Oral Presentation Australian Diabetes Society and the Australian Diabetes Educators Association Annual Scientific Meeting 2017

Using the geometric framework to explore the longitudinal effects of dietary macronutrient consumption on markers of diabetic kidney disease (#104)

Amelia K Fotheringham 1 2 , Samantha M Solon-Biet 3 4 5 , Aisling C McMahon 3 4 6 , Bill O Ballard 7 , Kari Ruohonen 8 , Danielle J Borg 1 2 , David Raubenheimer 3 9 , David G Le Couteur 3 4 6 , Stephen J Simpson 3 5 , Josephine M Forbes 1 2
  1. Mater Research-UQ, Woolloongabba, QLD, Australia
  2. Faculty of Medicine, University of Queensland, Brisbane, Queensland, Australia
  3. Charles Perkins Centre, University of Sydney, Sydney, New South Wales, Australia
  4. Centre for Education and Research on Aging, and Aging and Alzheimers Institute, Concord Hospital, Sydney, Queensland, Australia
  5. School of Life and Environmental Sciences, , University of Sydney, Sydney, Queensland, Australia
  6. ANZAC Research Institute, Concord Hospital, University of Sydney, , Sydney, New South Wales, Australia
  7. School of Biotechnology and Biomolecular Sciences, University of New South Wales, Sydney, New South Wales, Australia
  8. Cargill Aqua Nutrition, Sandnes, Norway
  9. Faculty of Veterinary Science, University of Sydney, Sydney, New South Wales, Australia

Background: Diabetic kidney disease (DKD), a progressive disorder characterised by changes in glomerular filtration rate (GFR) and structural abnormalities such as tubulointerstitial fibrosis (TIF) and glomerulosclerosis (GS), all of which predict disease progression. Here, we use the geometric framework [1] to assess the effects of 25 macronutrient and caloric combinations on markers of DKD. 

 

Methods: C57BL/6J mice (♂/♀; N=4/group) were given 15 months ad-libitum access to 1 of 25 diets representing a spectrum of macronutrient combinations (protein, (5-60%) carbohydrate (20-75%) and fat (20-75%)), stratified by energy content (low, medium or high). Serum cystatin C (a surrogate for GFR) and DKD risk factors (TIF and GS) were assessed histologically. Three-dimensional models were used to visualise and quantify the impacts of macronutrients, as main effects and interactions using the mgcv package for R. This data was considered in conjunction with existing data for body composition, glucose tolerance, blood pressure, and lipids [1].

 

Results: Serum cystatin C (126 - 1006 ng/ml) was significantly influenced by dietary protein , whereby GFR increased with protein intake (P<.0001).

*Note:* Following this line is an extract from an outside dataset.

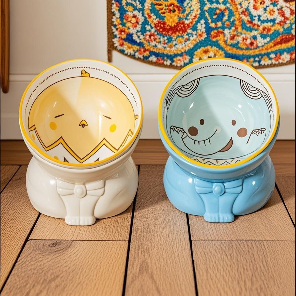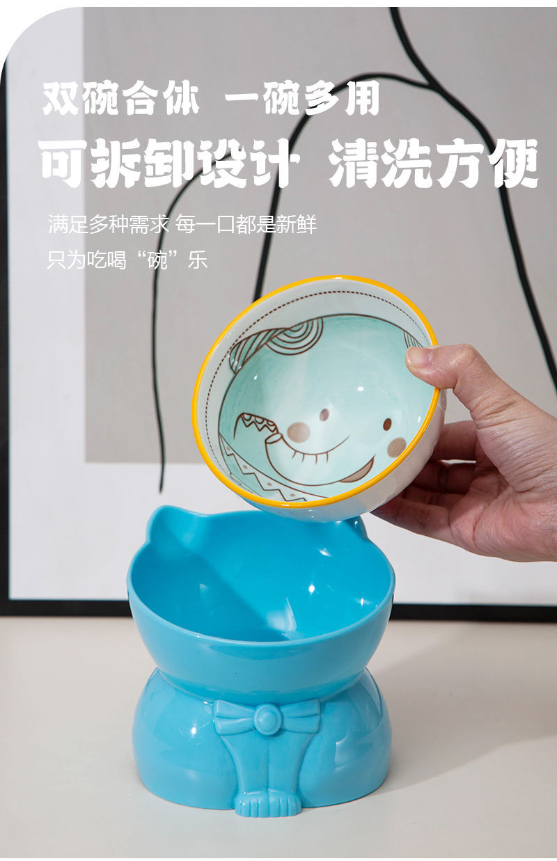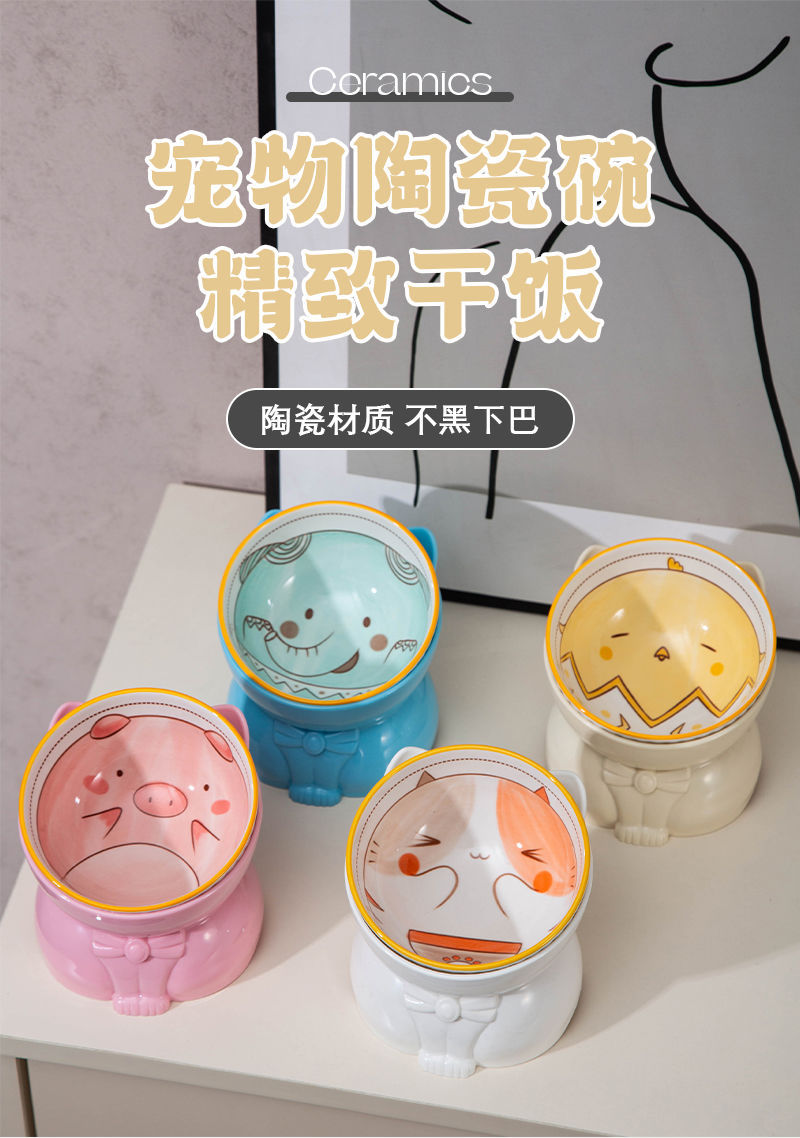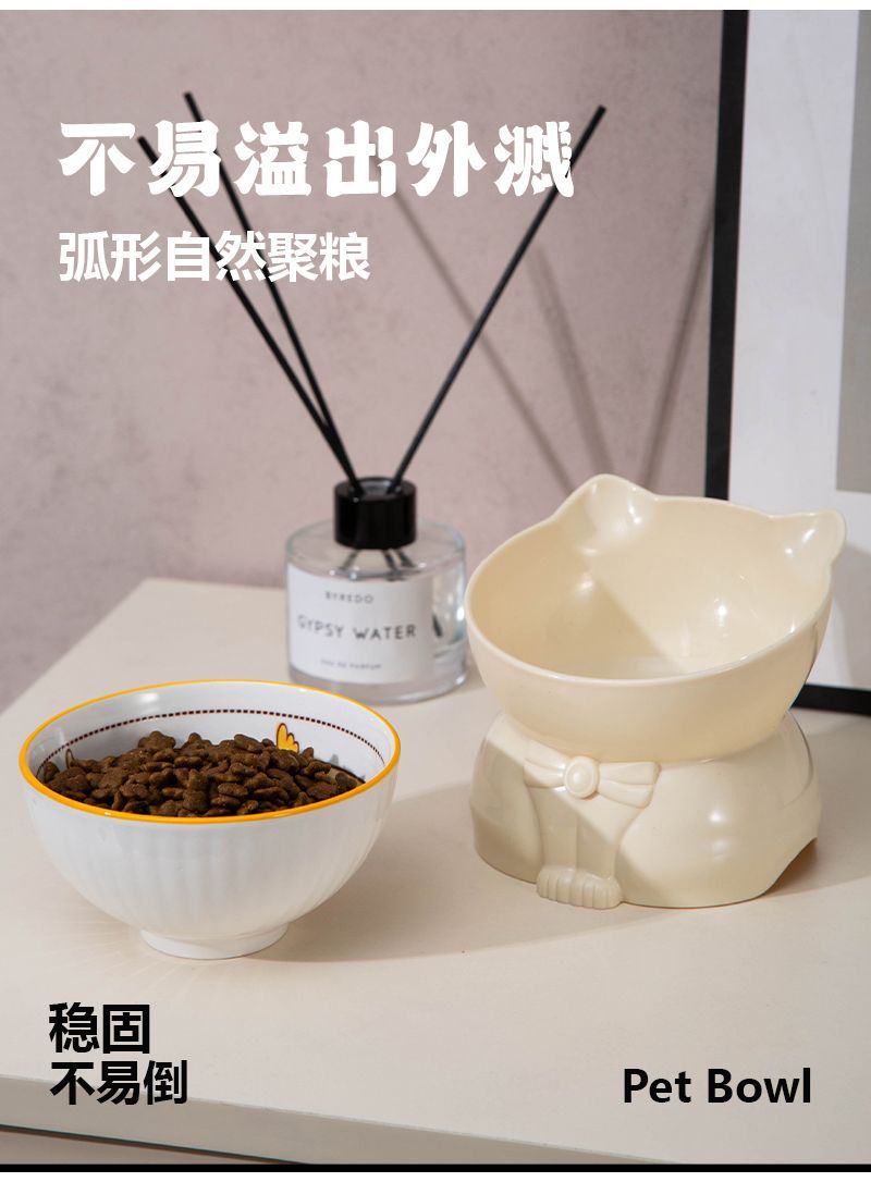 세라믹 고양이 그릇, 넘어짐 방지, 목 보호, 고양이 사료 그릇, 마시는 물, 높은 발, 고양이 사료 그릇, 경사진 입, 검은 턱 방지 고양이 밥 그릇스토어 가기

TIF (0.5 - 9%) was influenced by protein consumption in conjunction with either a high fat, or high carbohydrate intake (P=0.0005, P= 0.016; respectively). Overall, lower protein intake in conjunction with higher fat consumption, and therefore calories, resulted in a phenotype with the lowest GFR and the most structural damage, as assessed by TIF and GS. Surprisingly, macronutrient combinations which elevated blood pressure or lipids, or induced glucose intolerance did not associate with adverse kidney outcomes.

 

Conclusions: Macronutrients, individually and in combination influence risk factors for DKD, seemingly independent of other known risk factors.

 

 

 

  1. Solon-Biet, S.M., et al., The ratio of macronutrients, not caloric intake, dictates cardiometabolic health, aging, and longevity in ad libitum-fed mice. Cell Metab, 2014. 19(3): p. 418-30.